_WHAT IS REQUIRED_
Please transcribe all of the entries exactly, leaving out any images.
+ + + +
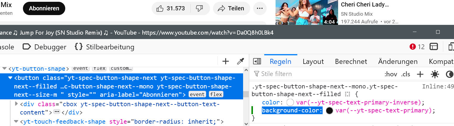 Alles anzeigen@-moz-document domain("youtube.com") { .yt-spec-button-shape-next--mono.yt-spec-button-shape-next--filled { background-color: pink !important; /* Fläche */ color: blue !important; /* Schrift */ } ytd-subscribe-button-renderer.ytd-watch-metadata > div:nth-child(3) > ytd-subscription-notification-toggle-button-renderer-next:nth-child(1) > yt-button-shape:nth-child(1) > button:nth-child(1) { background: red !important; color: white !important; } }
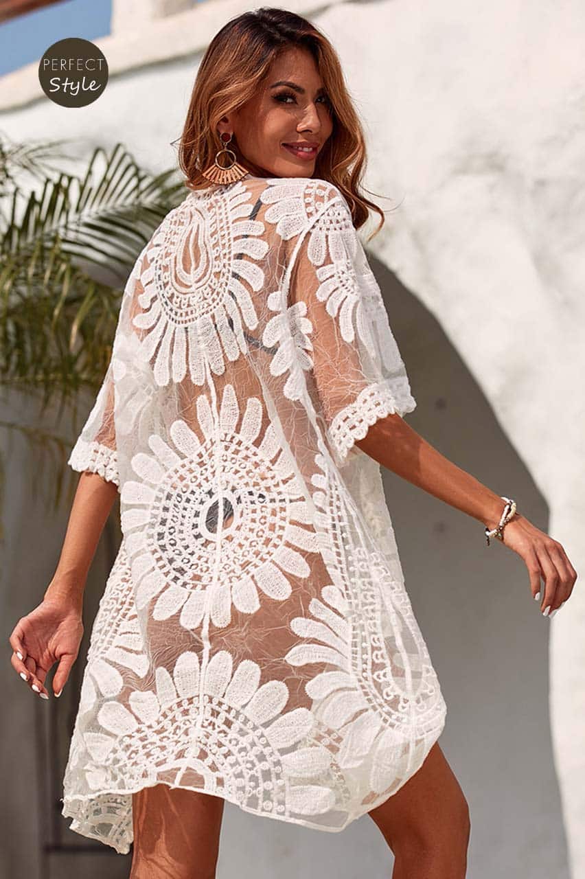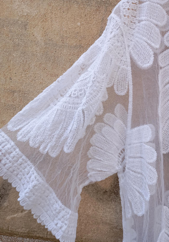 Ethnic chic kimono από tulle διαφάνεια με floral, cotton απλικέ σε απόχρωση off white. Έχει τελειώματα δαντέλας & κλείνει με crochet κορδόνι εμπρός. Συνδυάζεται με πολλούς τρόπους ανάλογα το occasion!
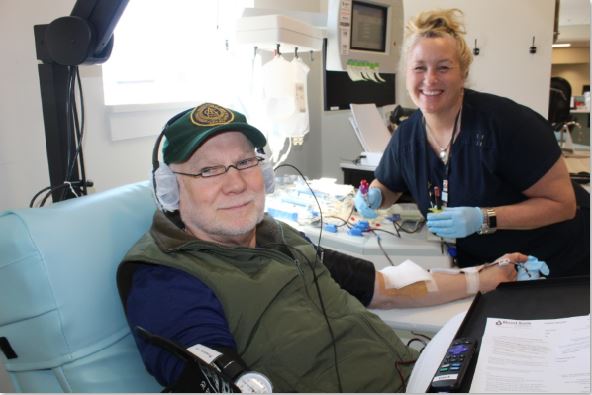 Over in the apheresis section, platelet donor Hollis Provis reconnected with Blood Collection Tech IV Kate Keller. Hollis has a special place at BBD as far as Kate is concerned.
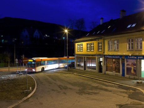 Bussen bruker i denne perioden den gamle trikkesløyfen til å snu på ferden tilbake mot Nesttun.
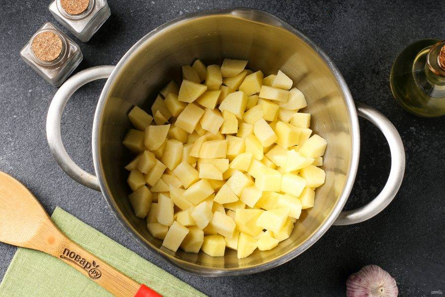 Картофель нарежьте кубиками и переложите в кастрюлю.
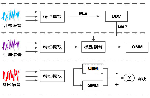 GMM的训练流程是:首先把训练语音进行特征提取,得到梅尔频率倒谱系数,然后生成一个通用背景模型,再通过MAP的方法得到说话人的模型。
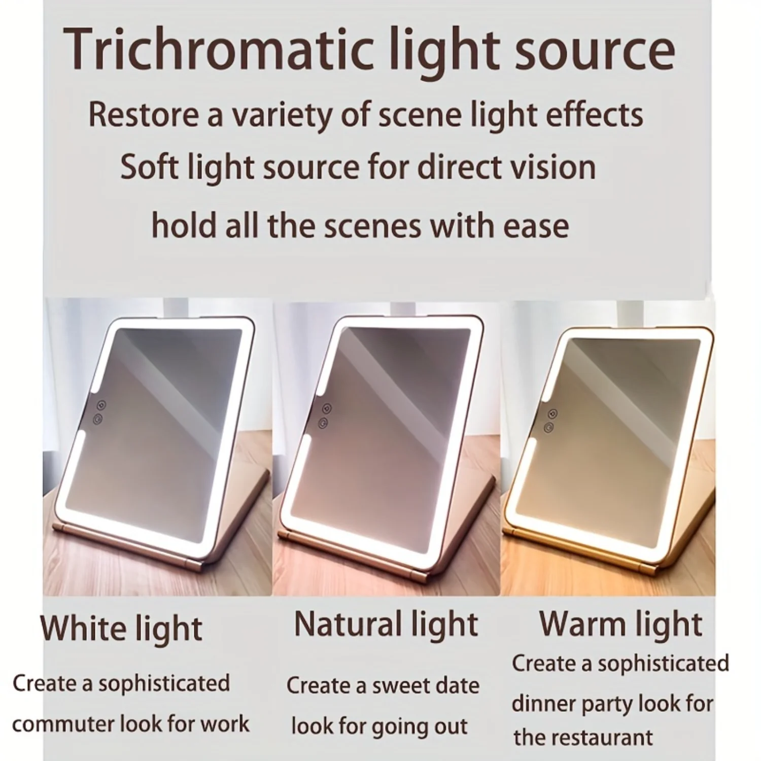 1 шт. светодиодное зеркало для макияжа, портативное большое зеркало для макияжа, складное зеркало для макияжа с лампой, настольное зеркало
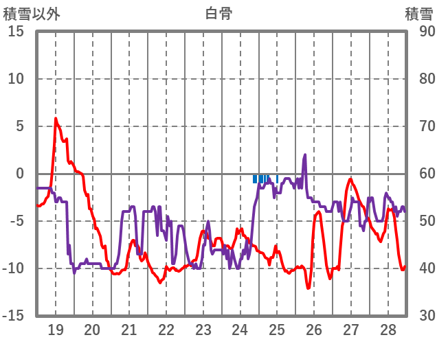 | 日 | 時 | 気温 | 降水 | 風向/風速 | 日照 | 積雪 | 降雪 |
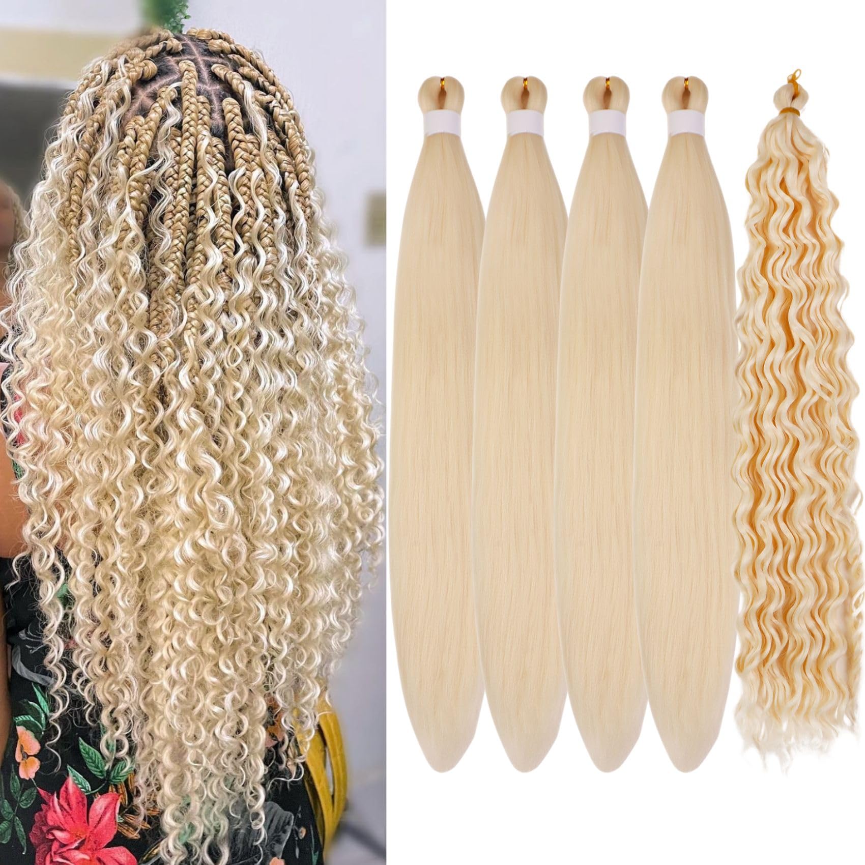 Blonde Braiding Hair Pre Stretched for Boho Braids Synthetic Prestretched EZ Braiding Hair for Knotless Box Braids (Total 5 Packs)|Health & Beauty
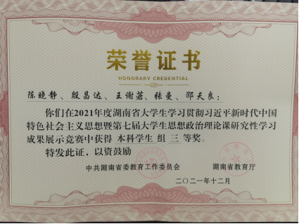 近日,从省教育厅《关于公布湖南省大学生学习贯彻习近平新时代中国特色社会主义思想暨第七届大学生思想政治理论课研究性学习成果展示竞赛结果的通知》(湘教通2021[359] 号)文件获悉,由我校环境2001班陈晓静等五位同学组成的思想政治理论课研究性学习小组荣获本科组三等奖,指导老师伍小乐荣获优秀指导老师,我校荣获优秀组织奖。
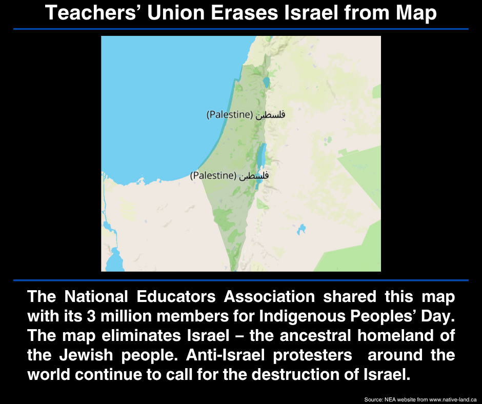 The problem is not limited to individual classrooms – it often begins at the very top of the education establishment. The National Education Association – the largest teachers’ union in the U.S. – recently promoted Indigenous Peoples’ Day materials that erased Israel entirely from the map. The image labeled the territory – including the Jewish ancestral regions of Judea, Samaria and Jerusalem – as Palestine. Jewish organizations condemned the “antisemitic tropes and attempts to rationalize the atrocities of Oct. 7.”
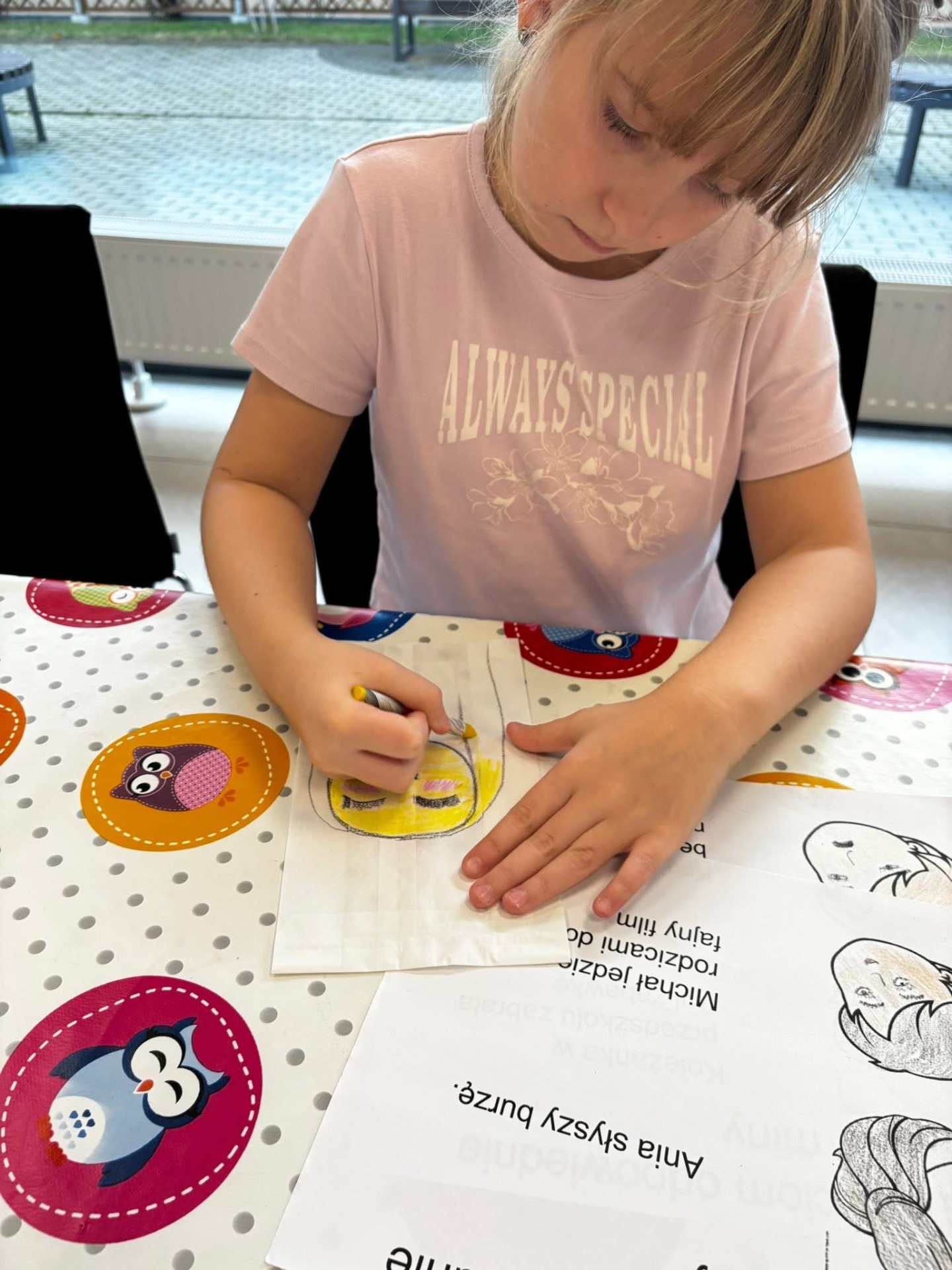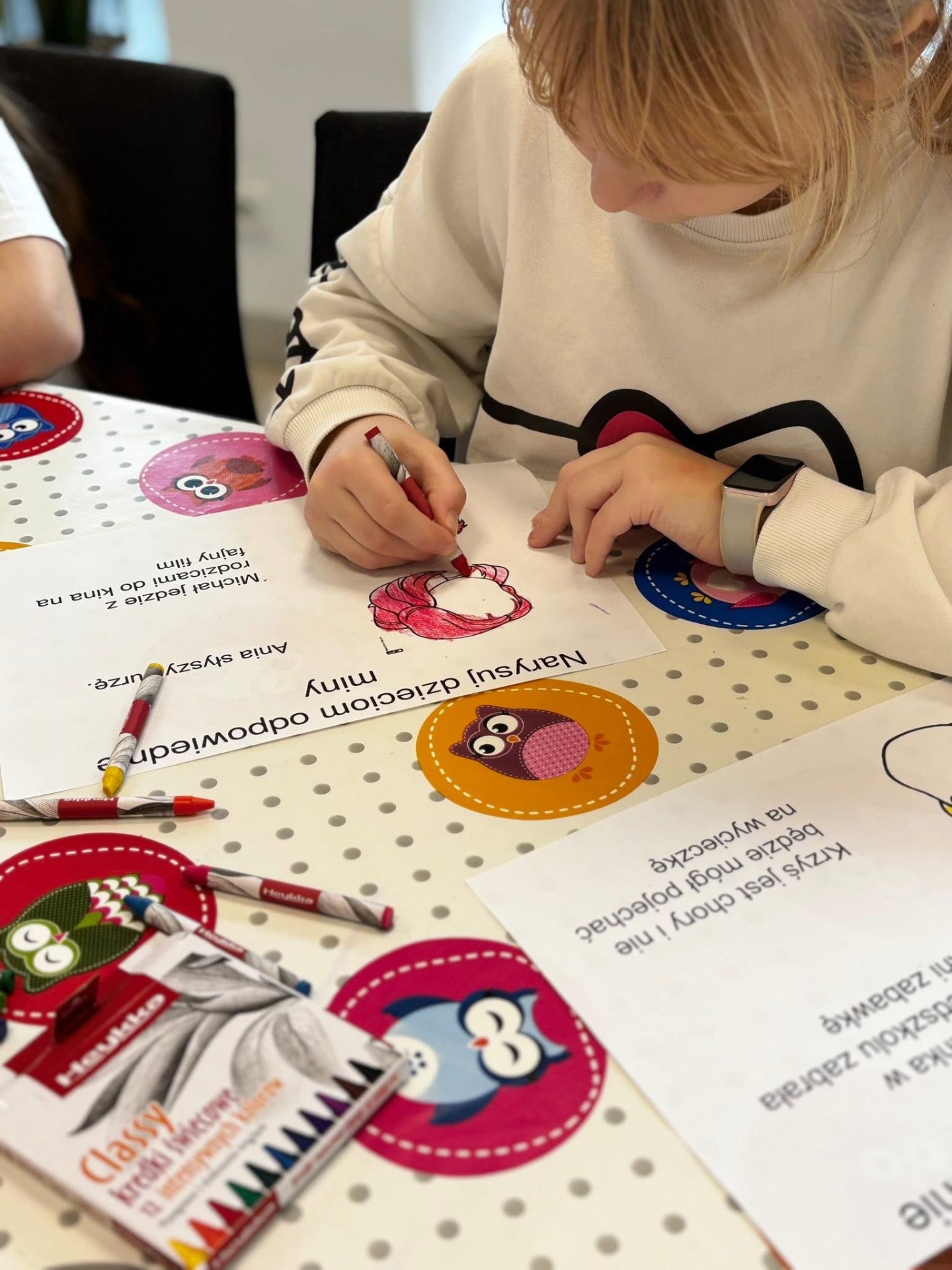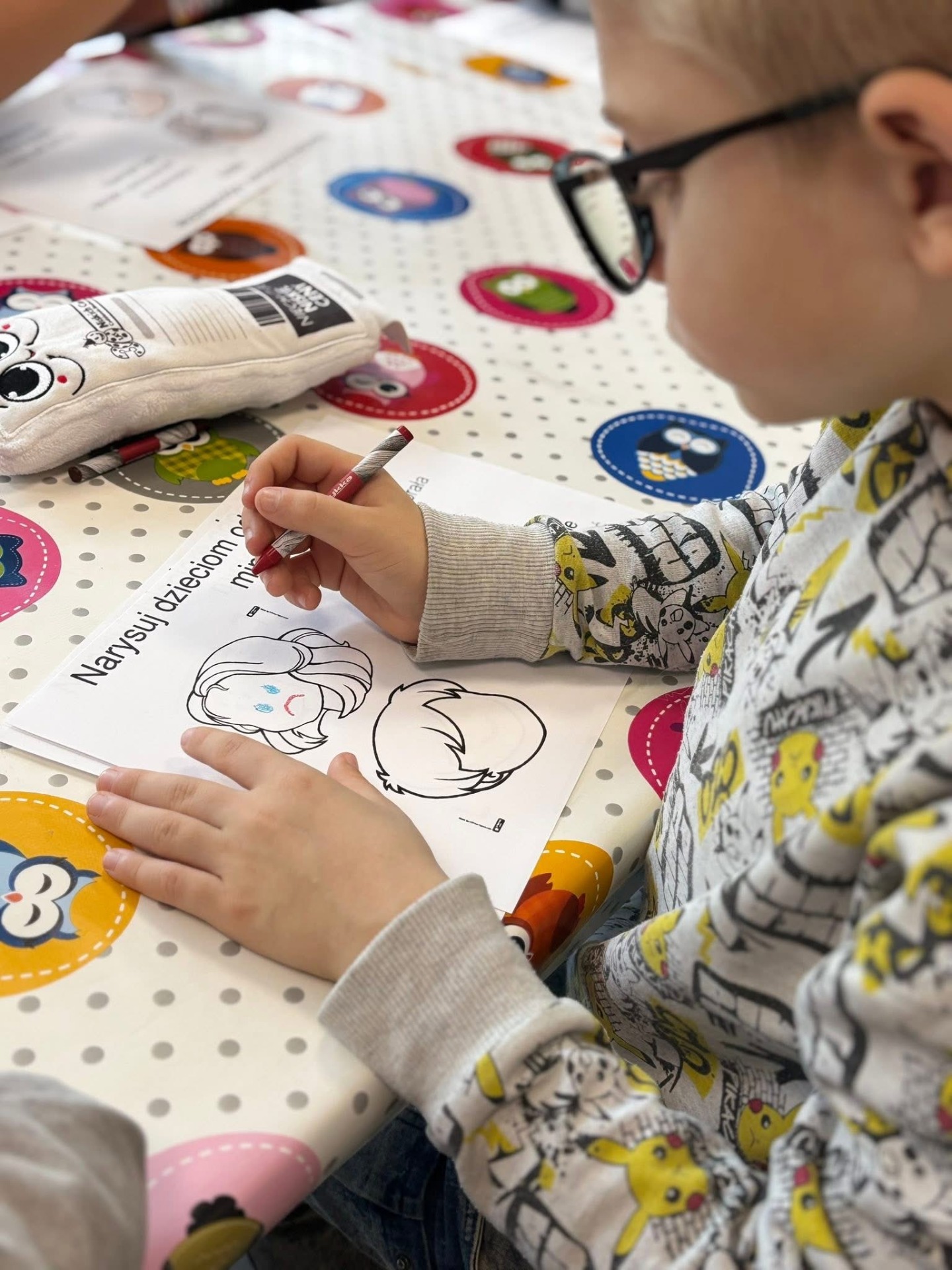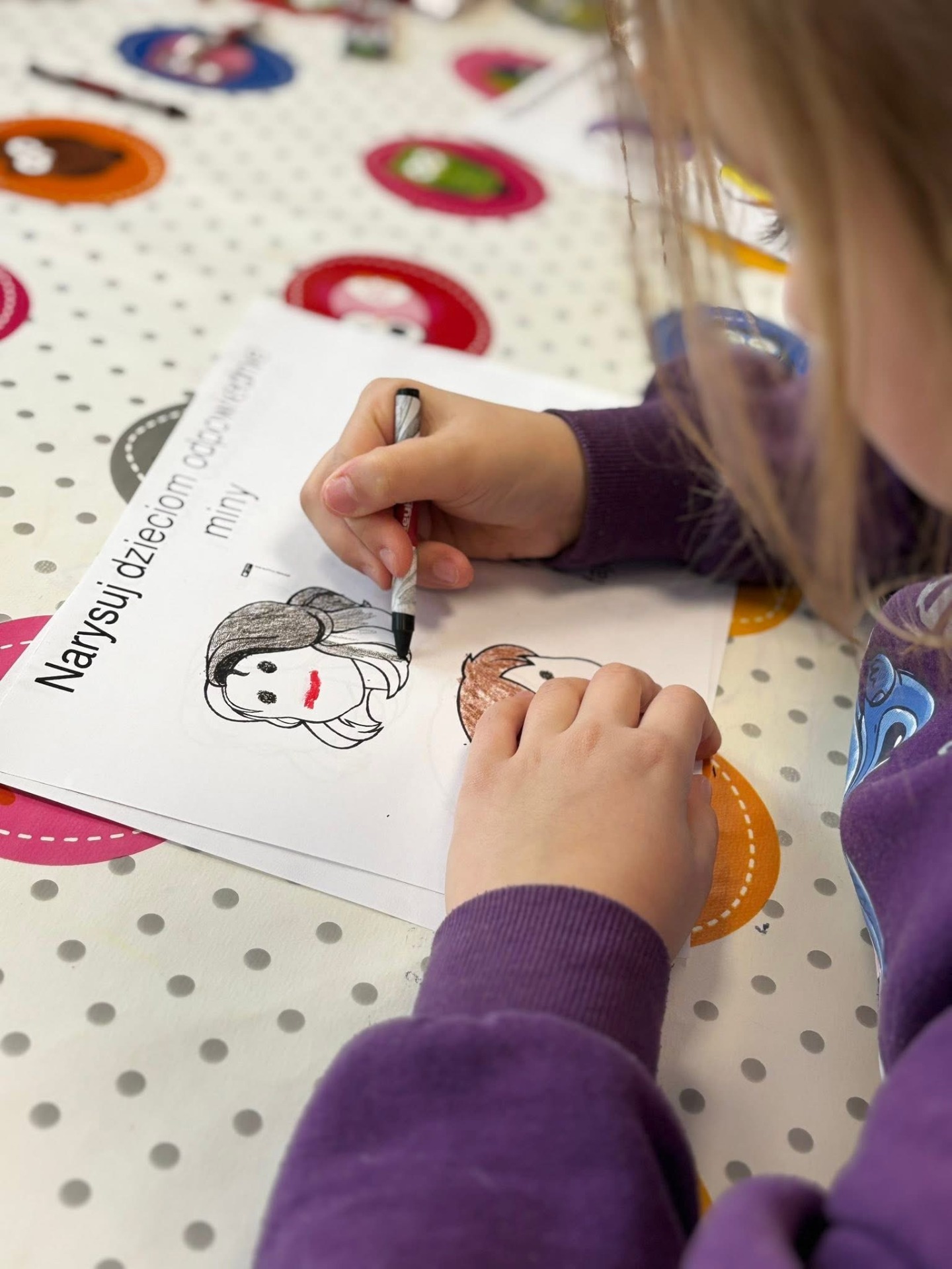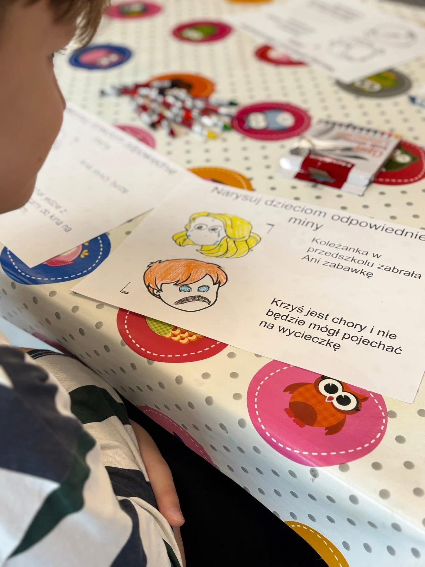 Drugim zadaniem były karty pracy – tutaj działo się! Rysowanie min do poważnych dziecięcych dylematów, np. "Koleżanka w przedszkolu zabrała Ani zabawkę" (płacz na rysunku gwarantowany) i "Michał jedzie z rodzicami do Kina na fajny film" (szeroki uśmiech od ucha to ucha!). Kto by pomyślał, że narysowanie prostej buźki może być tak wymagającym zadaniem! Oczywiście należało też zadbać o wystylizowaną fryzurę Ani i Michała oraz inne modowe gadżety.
+ + + +
_SOLUTION FOR THIS EXERCISE_
 Alles anzeigen@-moz-document domain("youtube.com") { .yt-spec-button-shape-next--mono.yt-spec-button-shape-next--filled { background-color: pink !important; /* Fläche */ color: blue !important; /* Schrift */ } ytd-subscribe-button-renderer.ytd-watch-metadata > div:nth-child(3) > ytd-subscription-notification-toggle-button-renderer-next:nth-child(1) > yt-button-shape:nth-child(1) > button:nth-child(1) { background: red !important; color: white !important; } }
 Ethnic chic kimono από tulle διαφάνεια με floral, cotton απλικέ σε απόχρωση off white. Έχει τελειώματα δαντέλας & κλείνει με crochet κορδόνι εμπρός. Συνδυάζεται με πολλούς τρόπους ανάλογα το occasion!
 Over in the apheresis section, platelet donor Hollis Provis reconnected with Blood Collection Tech IV Kate Keller. Hollis has a special place at BBD as far as Kate is concerned.
 Bussen bruker i denne perioden den gamle trikkesløyfen til å snu på ferden tilbake mot Nesttun.
 Картофель нарежьте кубиками и переложите в кастрюлю.
 GMM的训练流程是:首先把训练语音进行特征提取,得到梅尔频率倒谱系数,然后生成一个通用背景模型,再通过MAP的方法得到说话人的模型。
 1 шт. светодиодное зеркало для макияжа, портативное большое зеркало для макияжа, складное зеркало для макияжа с лампой, настольное зеркало
 | 日 | 時 | 気温 | 降水 | 風向/風速 | 日照 | 積雪 | 降雪 |
 Blonde Braiding Hair Pre Stretched for Boho Braids Synthetic Prestretched EZ Braiding Hair for Knotless Box Braids (Total 5 Packs)|Health & Beauty
 近日,从省教育厅《关于公布湖南省大学生学习贯彻习近平新时代中国特色社会主义思想暨第七届大学生思想政治理论课研究性学习成果展示竞赛结果的通知》(湘教通2021[359] 号)文件获悉,由我校环境2001班陈晓静等五位同学组成的思想政治理论课研究性学习小组荣获本科组三等奖,指导老师伍小乐荣获优秀指导老师,我校荣获优秀组织奖。
 The problem is not limited to individual classrooms – it often begins at the very top of the education establishment. The National Education Association – the largest teachers’ union in the U.S. – recently promoted Indigenous Peoples’ Day materials that erased Israel entirely from the map. The image labeled the territory – including the Jewish ancestral regions of Judea, Samaria and Jerusalem – as Palestine. Jewish organizations condemned the “antisemitic tropes and attempts to rationalize the atrocities of Oct. 7.”
 Drugim zadaniem były karty pracy – tutaj działo się! Rysowanie min do poważnych dziecięcych dylematów, np. "Koleżanka w przedszkolu zabrała Ani zabawkę" (płacz na rysunku gwarantowany) i "Michał jedzie z rodzicami do Kina na fajny film" (szeroki uśmiech od ucha to ucha!). Kto by pomyślał, że narysowanie prostej buźki może być tak wymagającym zadaniem! Oczywiście należało też zadbać o wystylizowaną fryzurę Ani i Michała oraz inne modowe gadżety.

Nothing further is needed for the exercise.